'''

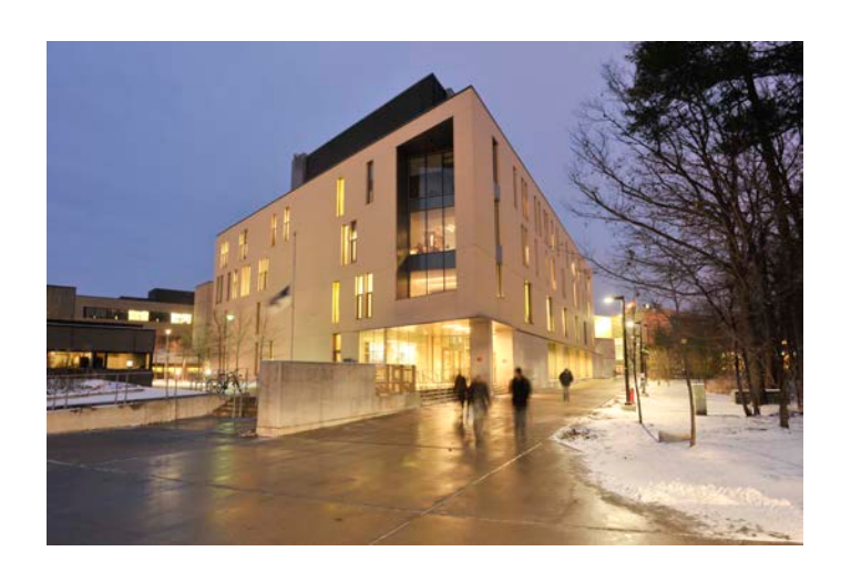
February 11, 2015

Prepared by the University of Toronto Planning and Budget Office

'''
'''

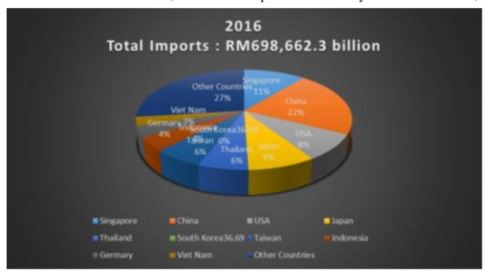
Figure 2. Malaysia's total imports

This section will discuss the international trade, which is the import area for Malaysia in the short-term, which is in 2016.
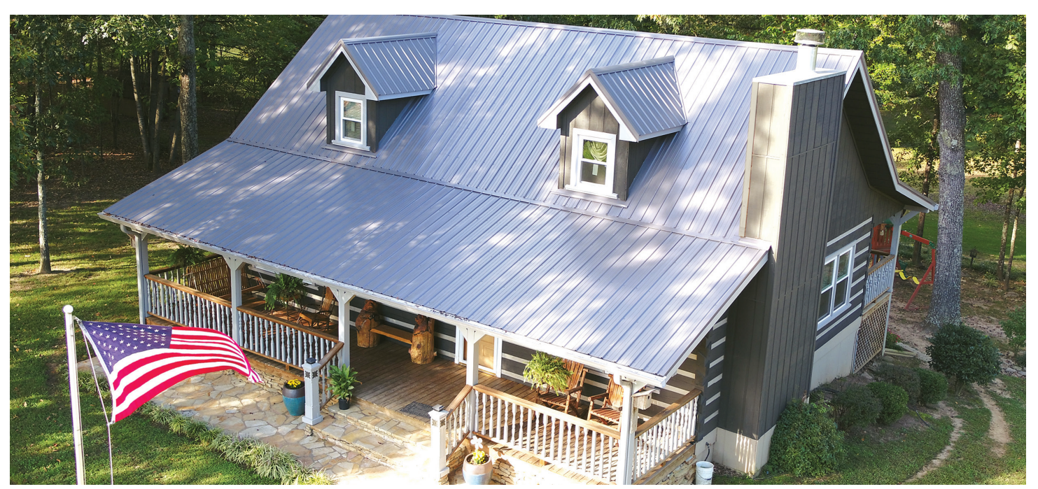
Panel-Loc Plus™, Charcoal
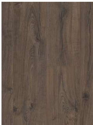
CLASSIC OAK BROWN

'''

The task
Only the lines above from the line with "February 11, 2015" to the line with "Prepared by the", those two lines included, should be reproduced exactly.

Solution for this task
February 11, 2015

Prepared by the University of Toronto Planning and Budget Office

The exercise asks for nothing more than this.